Proclamation Day

Monday, November 9 was Proclamation Day in Lincoln NE. It was an honor to be invited to the event. Governor Pete Ricketts proclaimed November 2015 as National Alzheimer’s Disease Awareness Month, National Hospice and Palliative Care Month, National Family Caregiver Month, and National Respite Awareness Month.

The event started with a “Celebrating the Family” luncheon at the Governor’s Mansion. The speakers were Dr. Anna Fisher, Hillcrest Health Services and Dr. Stephen Bonasera, University of Nebraska Medical Center. This was my second time meeting Dr. Fisher. She is a fantastic speaker, her enthusiasm is contagious. I came away with a new appreciation for caregivers! Dr. Bonasera echoed what Dr. Fisher said, as a society and a nation, we would be in trouble if it were not for the caregivers, whether family, respite or hospice. They are definitely some of our nations unsung heroes.
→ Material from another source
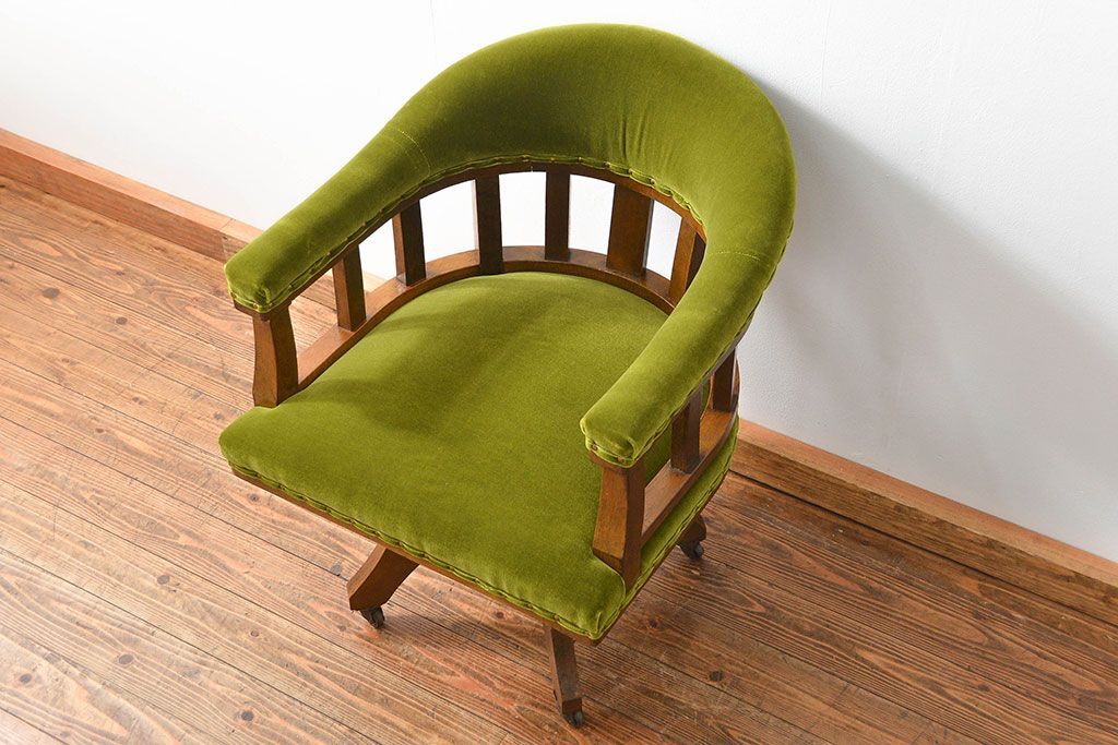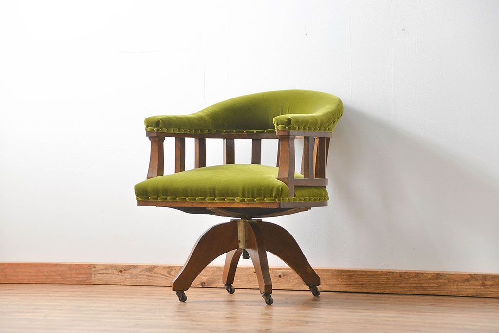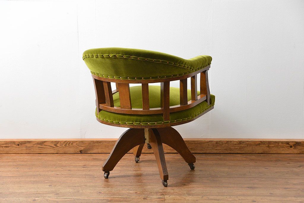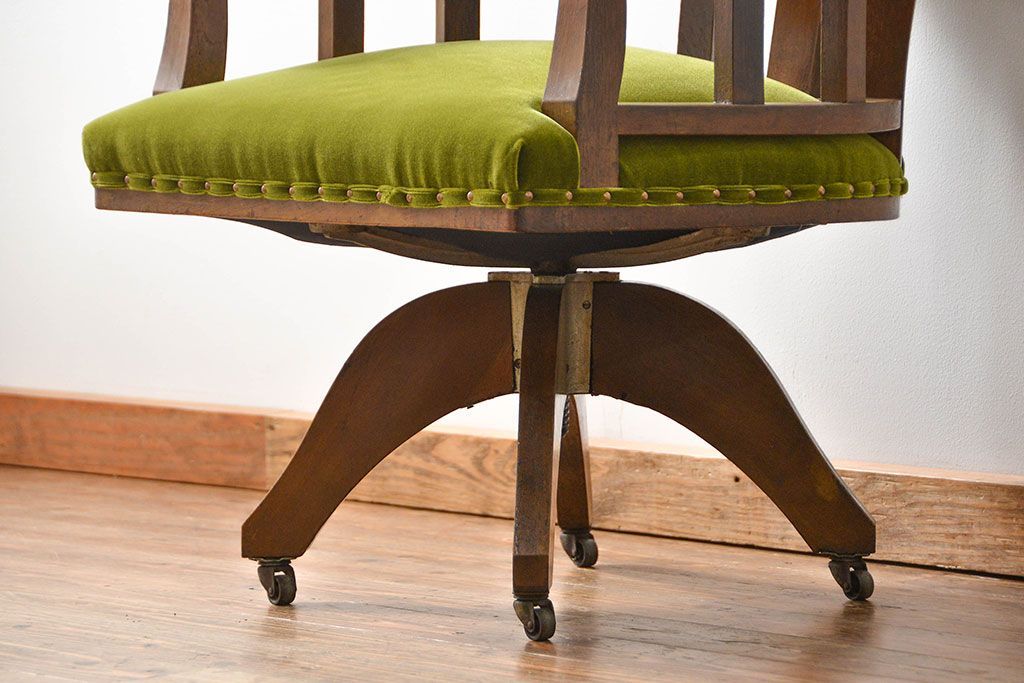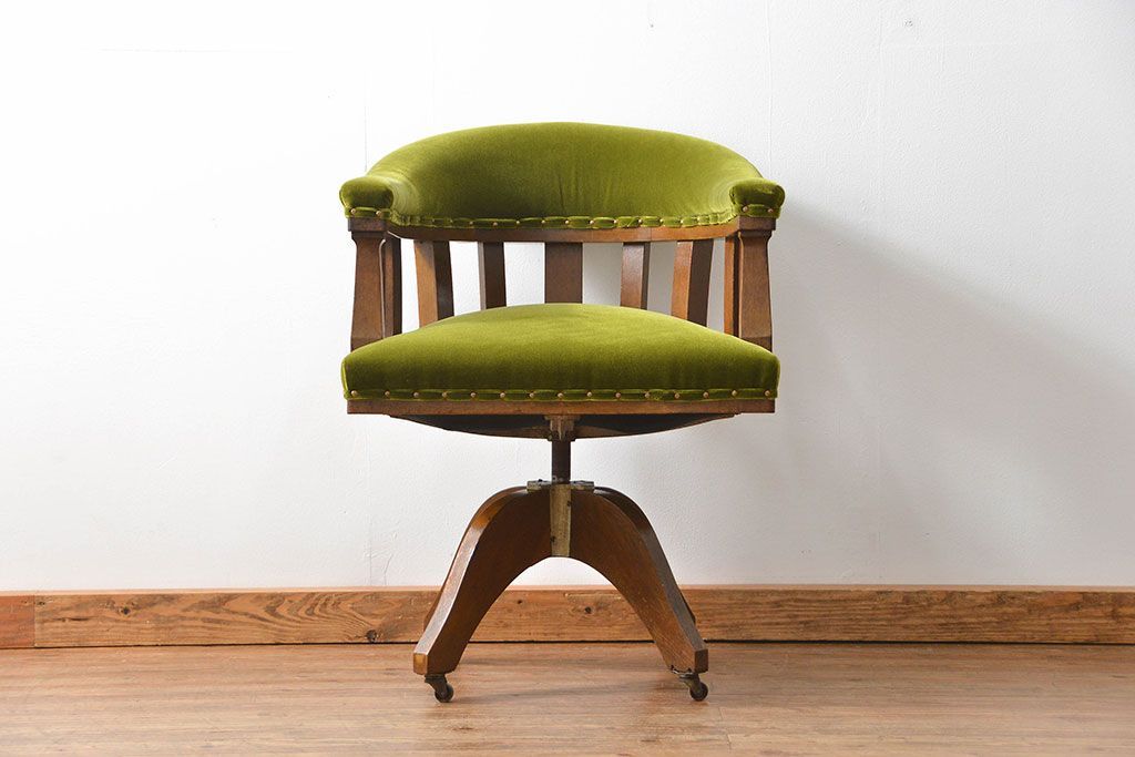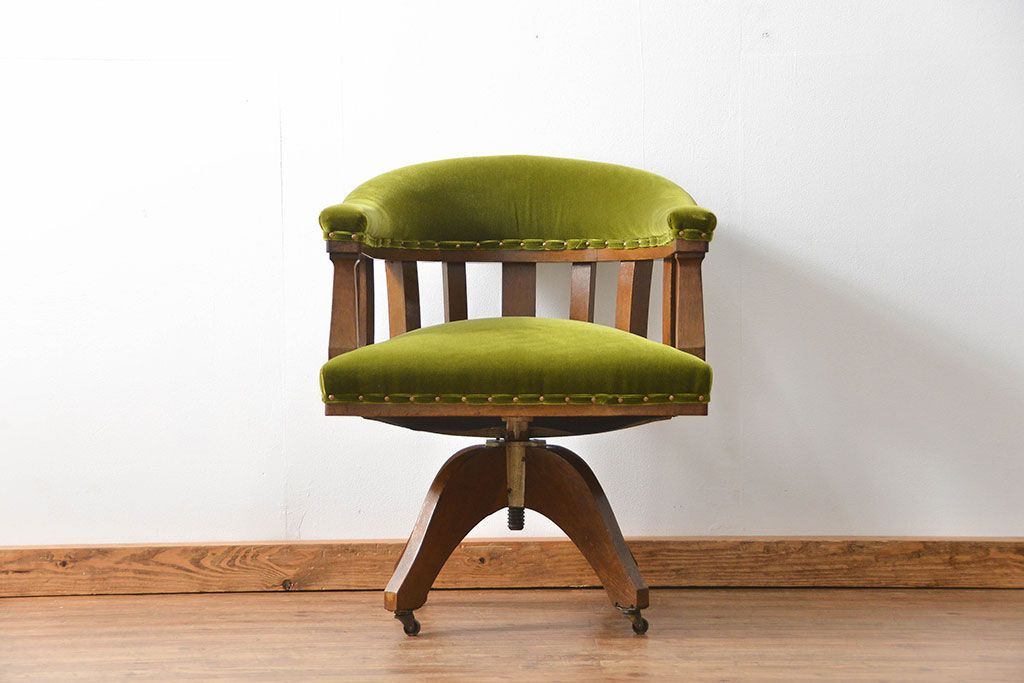 アンティーク家具 アンティーク 古いナラ材のかわいい回転イス(デスクチェア、ドクターチェア、椅子)

Proclamation Signing. After the luncheon, we went across to the capital where Governor Ricketts signed the individual proclamations. Pictured below is Governor Ricketts, Dr. Viv Ewing, the Executive Director of the Nebraska Alzheimer’s Association and myself.


After the proclamation signing, we went outside to the Ribbon Tying Ceremony on the Care Tree that is on the Capitol lawn pictured below. Each color of ribbon represents one of the organizations, purple being the one for the Alzheimer’s Association.

Care Tree

It was a good day, beautiful weather for Nebraska in November. Thank you to the Alzheimer’s Association for including me in the event.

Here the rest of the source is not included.